To my ex,
I'm stronger now, because of you. I understand now that I loved you too much. It's not that you didn't deserve it, but my love for you often times got in the way of the truth. The truth that you had flaws. That you weren't certain about us. That you and I were never meant to be.
At the time, the break up destroyed me. I would often blame myself, despite you reassuring me that I had been a great girlfriend. I'd break down when I learned you were dating someone new. My self-esteem would hit rock bottom and I would question what it was about me that wasn't good enough for you. It sometimes drove me to the point of insanity. I'd find myself checking your social media or reminiscing over old photographs of us together.
It took a long time, but I finally realized that you were right all along. I was a great girlfriend, I just wasn't right for you. And now that I've moved on, I see that you weren't right for me either. Don't get me wrong, there is still a lot to love about you. The qualities I fell in love with back then are still there, but so are the ones I ignored during our time together. Regardless of what I felt for you at the time, we simply weren't compatible in the long run. If you hadn't broken up with me then, we would have become unhappy forcing a love that wasn't meant to last.

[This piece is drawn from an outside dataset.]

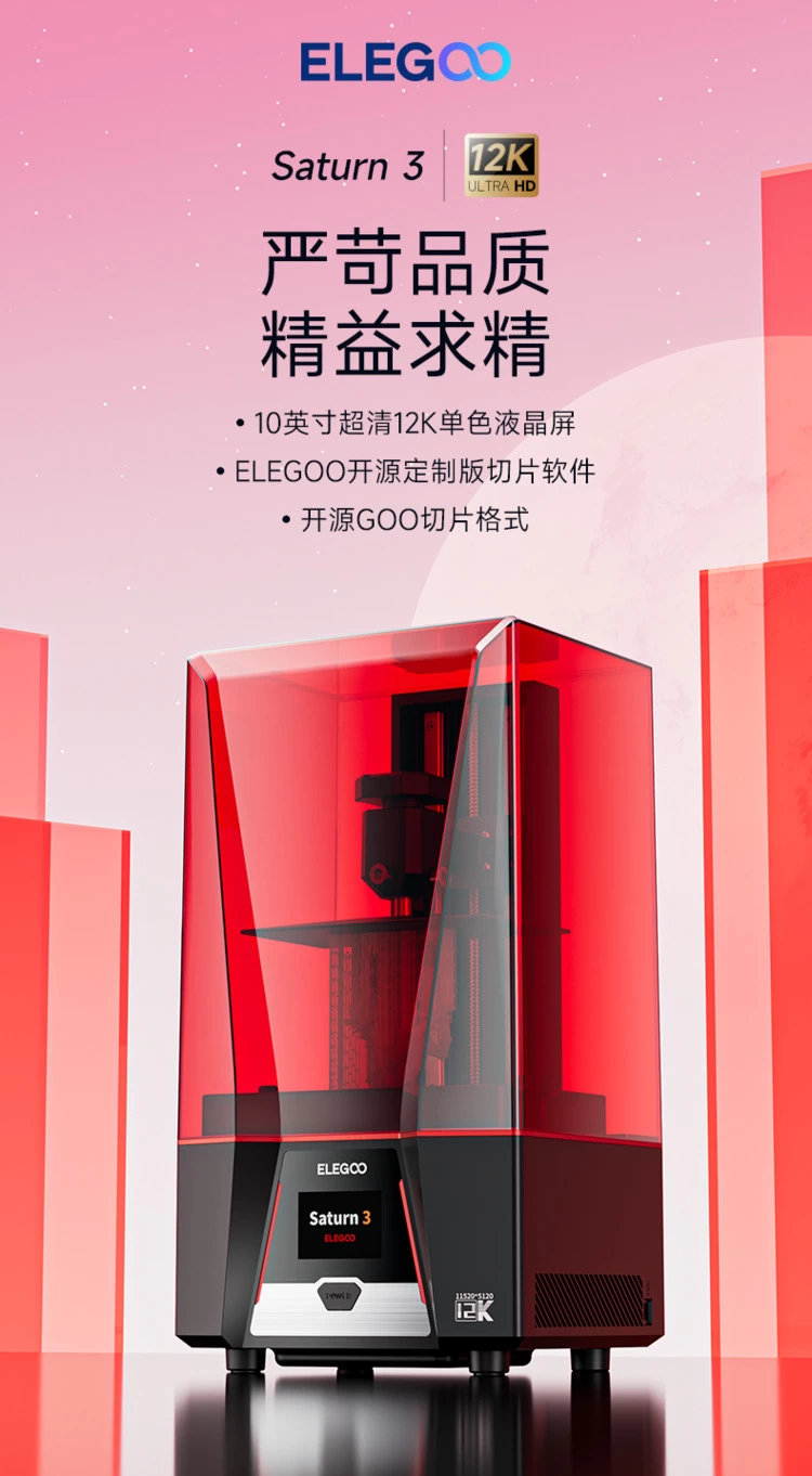 不止10英寸超清12K ELEGOO爱乐酷Saturn3Ultra、Saturn 3强势发布

Looking back on our relationship, I know I wasn't truly myself. In my blind love, I became who I thought you wanted me to be. The values that mattered to me didn't seem to matter as much once I realized yours were different. The deeper I fell in love with you, the more I began to lose myself to the relationship. It wasn't healthy for me to essentially give myself up in order to keep you happy, and I think you knew that all along.

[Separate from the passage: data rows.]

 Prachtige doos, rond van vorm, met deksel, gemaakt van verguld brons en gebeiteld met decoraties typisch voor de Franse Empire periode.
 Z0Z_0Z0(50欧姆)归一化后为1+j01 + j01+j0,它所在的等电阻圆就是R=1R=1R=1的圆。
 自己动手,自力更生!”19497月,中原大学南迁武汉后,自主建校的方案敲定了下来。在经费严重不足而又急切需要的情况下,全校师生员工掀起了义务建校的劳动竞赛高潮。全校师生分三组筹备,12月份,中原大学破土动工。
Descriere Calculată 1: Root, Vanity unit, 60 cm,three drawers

Regardless, I am still very grateful for you. The experience we shared allowed me to set new standards for love. I know now what I need in a partner and the values we must share. You realized that I deserved better before I did. That doesn't mean you're not a great person, just that you weren't able to reciprocate the love I gave to you. And that's OK.

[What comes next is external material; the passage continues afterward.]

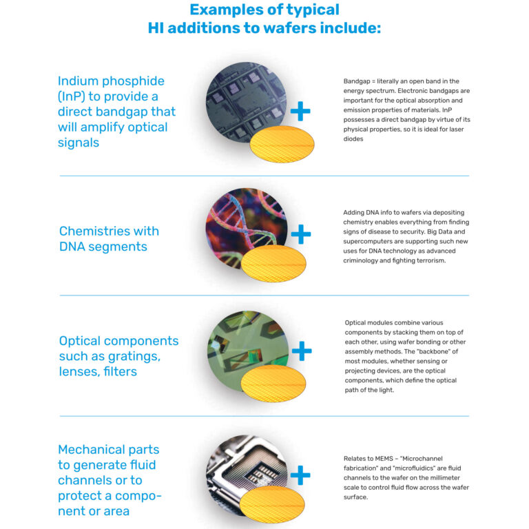 近年来,在传统的CMOS晶圆上添加材料和零件的想法已经发展到现在在晶圆上组合各种零件的地步,以大大增加芯片级别的功能。如今的CMOS晶圆通常作为一个平台,将零件和材料与CMOS电子器件相结合以增加功能。HI 一词现在通常用于描述包含非电子部件的电子设备。

Since our time together, I found someone who is able to give me what I need in a relationship. Someone who convinced me that they love me as I am, who makes me feel like I don't need to sacrifice any part of myself or my values in order to share intimacy. Someone who loves just hard as I do and respects the journey I took with you that inevitably lead me to him.
So even though it nearly killed me at the time, thank you for breaking my heart. Thank you for keeping your promise to me that it was for the best. Thank you for remaining my friend, and for proving to me that we're both happier this way.